Input for this task:
________________________________________

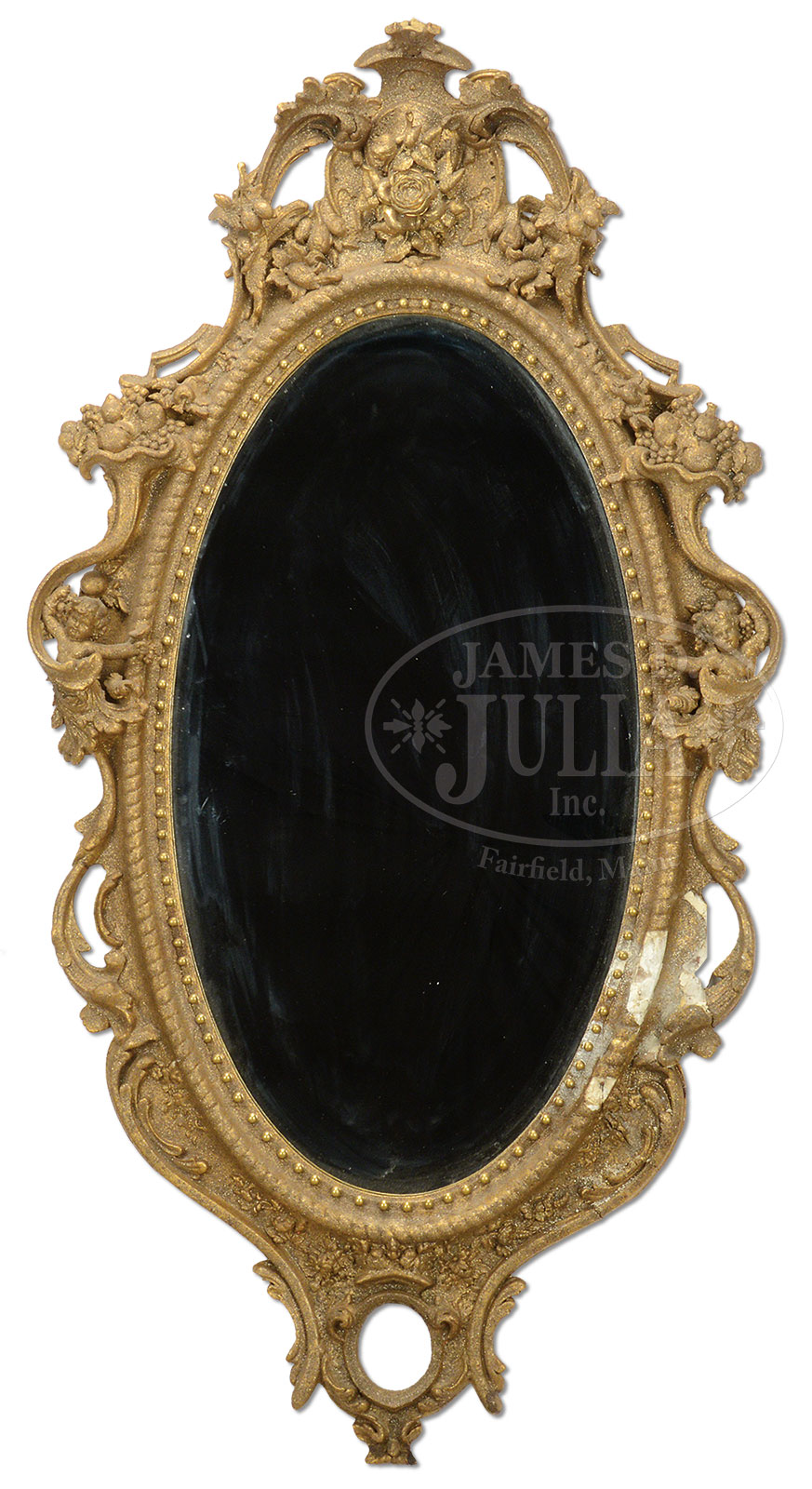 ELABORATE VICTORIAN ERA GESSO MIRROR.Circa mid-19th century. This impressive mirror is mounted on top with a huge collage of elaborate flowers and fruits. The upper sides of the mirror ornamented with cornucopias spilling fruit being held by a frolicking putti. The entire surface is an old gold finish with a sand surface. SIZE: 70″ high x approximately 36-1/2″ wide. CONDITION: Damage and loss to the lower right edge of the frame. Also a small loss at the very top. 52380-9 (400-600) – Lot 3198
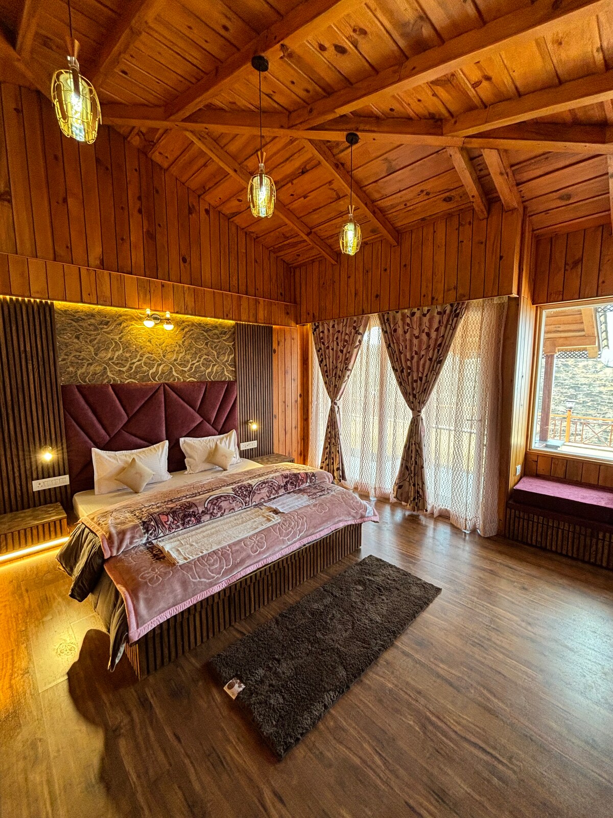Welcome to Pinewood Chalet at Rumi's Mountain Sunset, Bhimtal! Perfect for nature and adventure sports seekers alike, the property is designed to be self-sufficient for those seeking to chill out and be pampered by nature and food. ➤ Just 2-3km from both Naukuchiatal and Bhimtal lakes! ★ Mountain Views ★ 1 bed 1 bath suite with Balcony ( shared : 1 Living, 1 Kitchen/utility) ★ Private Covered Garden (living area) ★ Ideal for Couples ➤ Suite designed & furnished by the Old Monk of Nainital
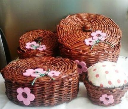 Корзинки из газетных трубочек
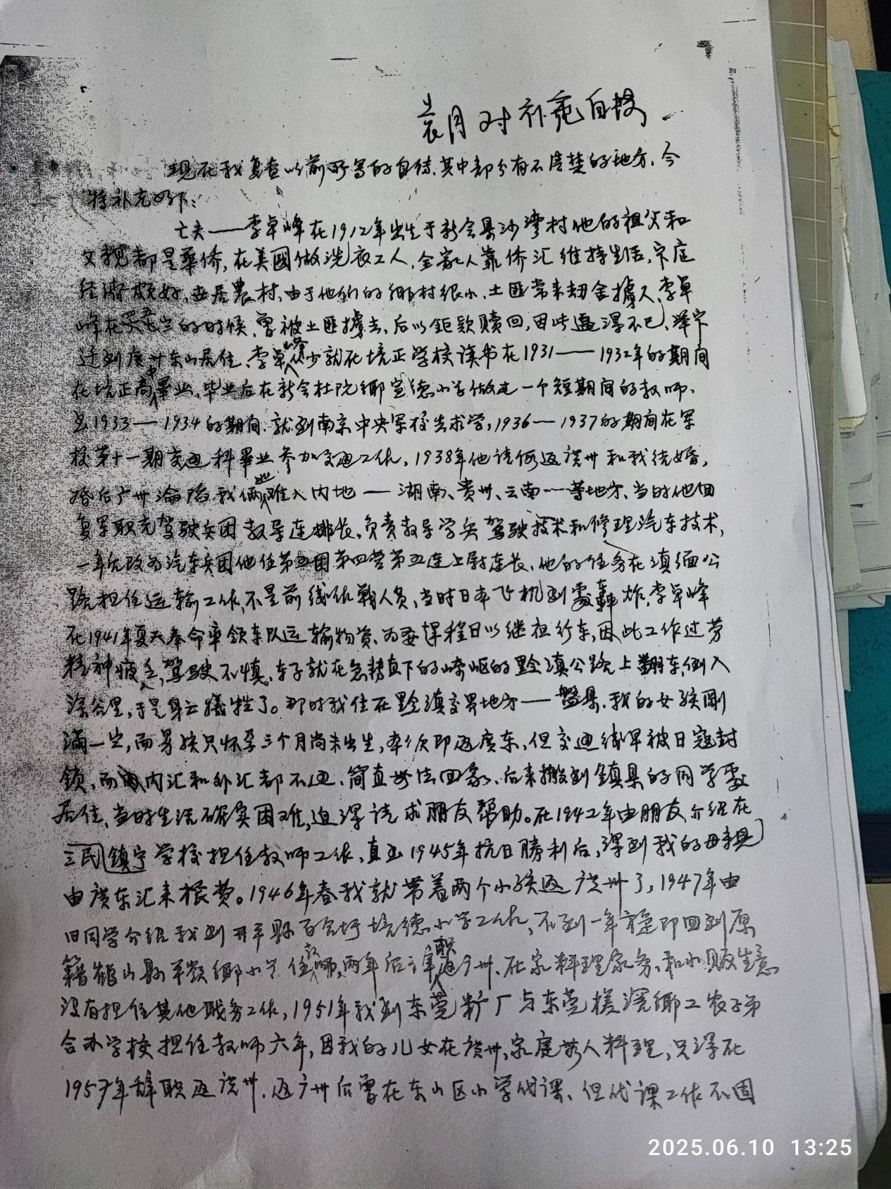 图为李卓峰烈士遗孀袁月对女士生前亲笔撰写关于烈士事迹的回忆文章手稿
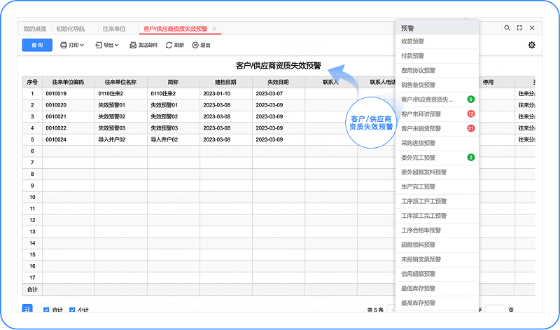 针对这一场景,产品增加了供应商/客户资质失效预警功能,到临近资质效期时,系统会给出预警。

________________________________________

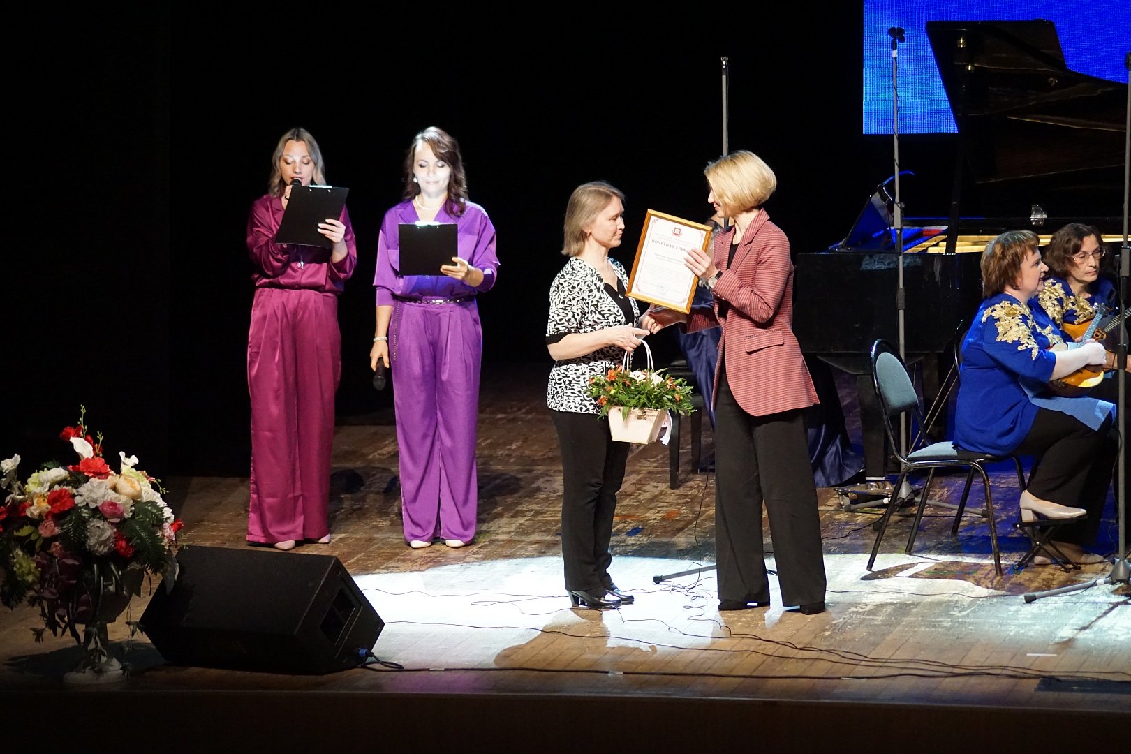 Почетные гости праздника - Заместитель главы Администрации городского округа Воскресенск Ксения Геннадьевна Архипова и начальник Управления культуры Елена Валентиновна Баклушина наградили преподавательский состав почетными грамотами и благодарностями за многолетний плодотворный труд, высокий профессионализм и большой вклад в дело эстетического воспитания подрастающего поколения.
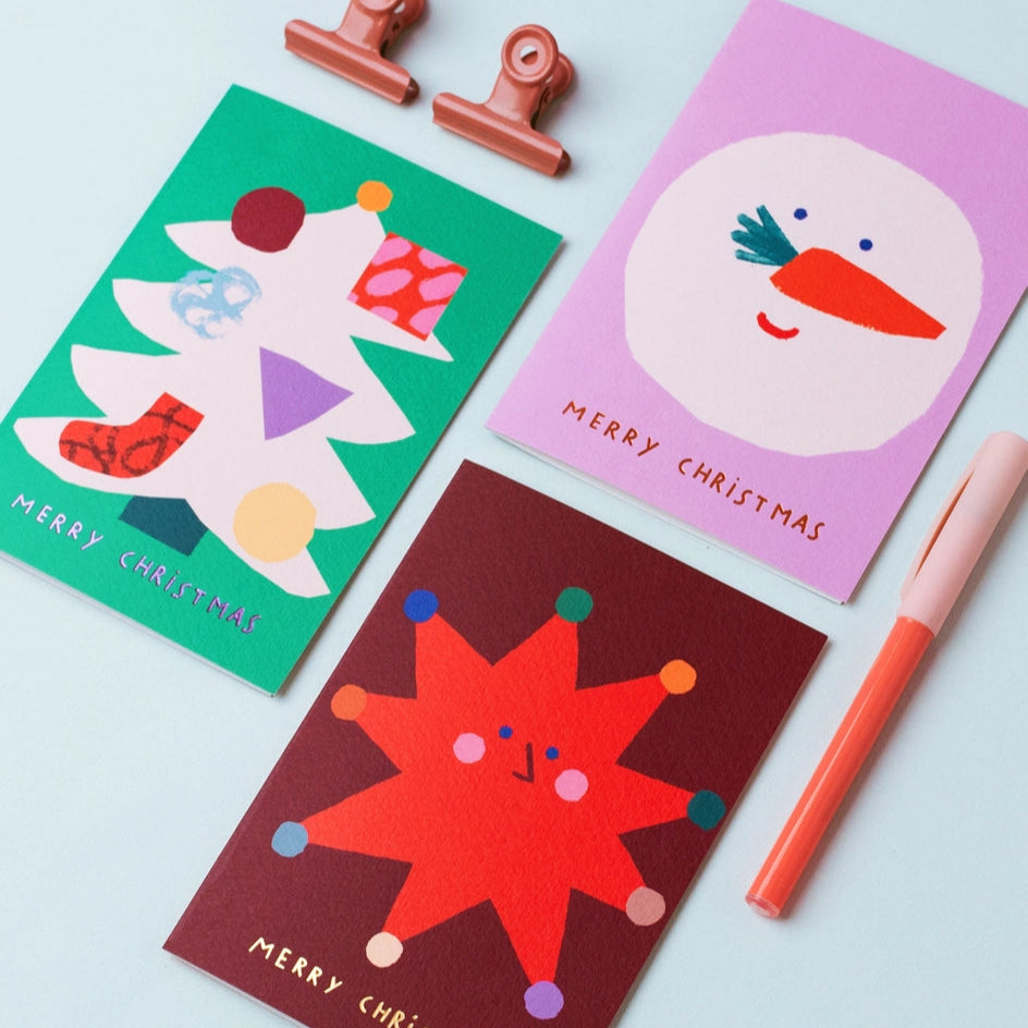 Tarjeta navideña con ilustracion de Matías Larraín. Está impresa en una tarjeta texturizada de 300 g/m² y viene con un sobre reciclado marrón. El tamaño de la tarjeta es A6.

________________________________________

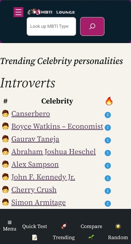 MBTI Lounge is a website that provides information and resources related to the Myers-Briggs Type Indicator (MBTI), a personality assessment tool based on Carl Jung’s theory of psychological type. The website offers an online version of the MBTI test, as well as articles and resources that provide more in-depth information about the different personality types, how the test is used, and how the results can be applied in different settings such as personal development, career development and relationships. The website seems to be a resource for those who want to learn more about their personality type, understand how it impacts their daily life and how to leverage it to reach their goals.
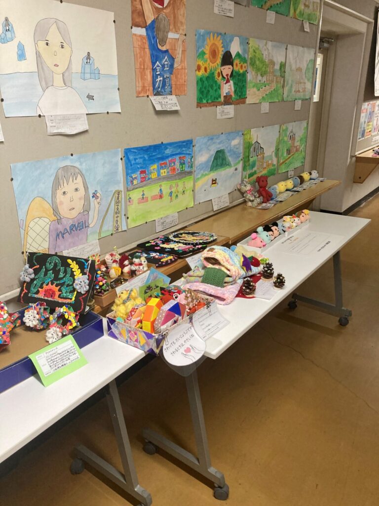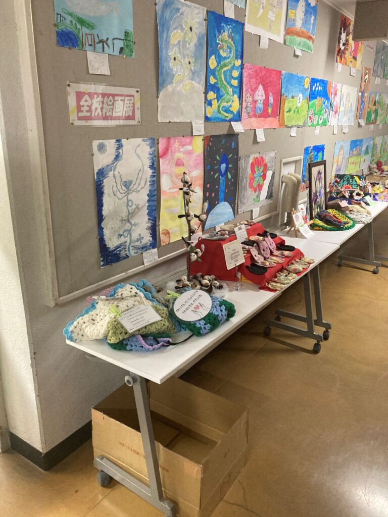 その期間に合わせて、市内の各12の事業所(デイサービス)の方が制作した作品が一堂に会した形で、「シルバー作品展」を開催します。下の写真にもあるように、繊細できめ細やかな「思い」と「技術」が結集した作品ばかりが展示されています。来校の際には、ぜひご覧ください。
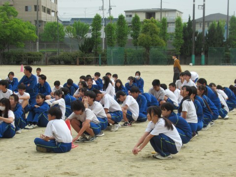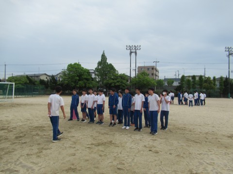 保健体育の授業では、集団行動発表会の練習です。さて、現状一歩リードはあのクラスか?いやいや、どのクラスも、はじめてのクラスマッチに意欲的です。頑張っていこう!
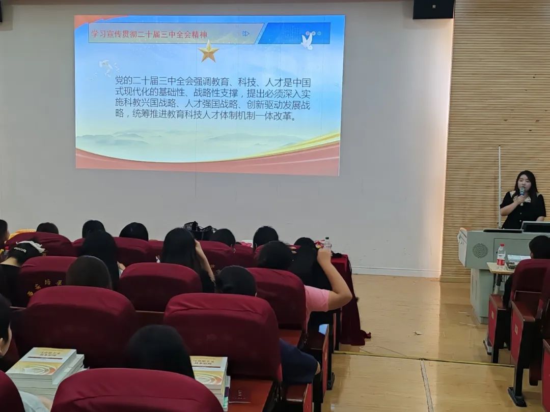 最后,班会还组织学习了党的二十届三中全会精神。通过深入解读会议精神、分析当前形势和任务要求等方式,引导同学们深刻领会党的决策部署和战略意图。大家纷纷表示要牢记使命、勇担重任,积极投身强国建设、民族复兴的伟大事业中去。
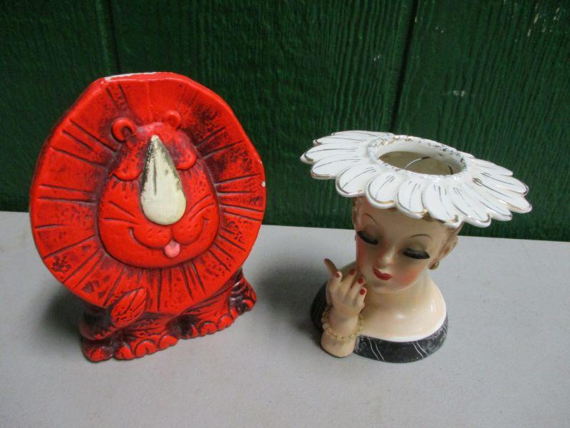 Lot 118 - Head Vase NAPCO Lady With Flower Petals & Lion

________________________________________

Look above for the line with "Welcome to Pinewood" and the line with "针对这一场景,产品增加了供应". Output those two and everything between them exactly, pictures excluded.

Welcome to Pinewood Chalet at Rumi's Mountain Sunset, Bhimtal! Perfect for nature and adventure sports seekers alike, the property is designed to be self-sufficient for those seeking to chill out and be pampered by nature and food. ➤ Just 2-3km from both Naukuchiatal and Bhimtal lakes! ★ Mountain Views ★ 1 bed 1 bath suite with Balcony ( shared : 1 Living, 1 Kitchen/utility) ★ Private Covered Garden (living area) ★ Ideal for Couples ➤ Suite designed & furnished by the Old Monk of Nainital
 Корзинки из газетных трубочек
 图为李卓峰烈士遗孀袁月对女士生前亲笔撰写关于烈士事迹的回忆文章手稿
 针对这一场景,产品增加了供应商/客户资质失效预警功能,到临近资质效期时,系统会给出预警。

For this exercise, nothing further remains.